Personal information
- Date of birth: 14 June 1966 (age 58)
- Original team(s): Katamatite
- Height: 173 cm (5 ft 8 in)
- Weight: 70 kg (154 lb)
- Position(s): Ruck Rover

Playing career^{1}
- Years: Club / Games (Goals)
- 1987–1990: Geelong / 26 (18)

Coaching career
- Years: Club / Games (W–L–D)
- 2007: South Adelaide / 4
- ^{1} Playing statistics correct to the end of 2007.

= Gary Cameron =

Australian rules footballer and coach

Gary Cameron (born 14 June 1966) is a former Australian rules footballer who played with Geelong in the Victorian (VFL) and Australian Football Leagues.

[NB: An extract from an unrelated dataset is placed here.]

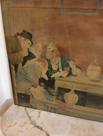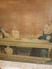 Stampa a colori su tela fine 800 ,scena di contadini in trattoria Mis H 49 ,Larghezza 80,a mio parere si può leggermente restaurare sui volti e poi lasciarla così,ha un suo fascino Può essere adatta per un ambiente un po' rustico o per una trattoria ecc Per eventuali interessati non cliccate subito per pagare ,ma prima desidero avere un contatto telefonico con voi Per la consegna direttamente da me oppure in contrassegno per posta Grazie

Cameron, a Katamatite recruit, who won the Tungamah Football League best and fairest award, the Lawless Medal in 1986, played eight games for Geelong in each of his first two seasons, 1987 and 1988. He appeared in the final five rounds of the 1989 VFL season, but did not take part in the Geelong's finals series. After another five games in 1990, Cameron left to play for South Adelaide Football Club in the South Australian National Football League (SANFL).

Cameron was captain / coach of Wangaratta in the Ovens & Murray Football League in 1998 and 1999.

In 2007, Cameron briefly served as caretaker coach of South Adelaide, when coach Robert Pyman was sacked. Cameron was coach for four rounds.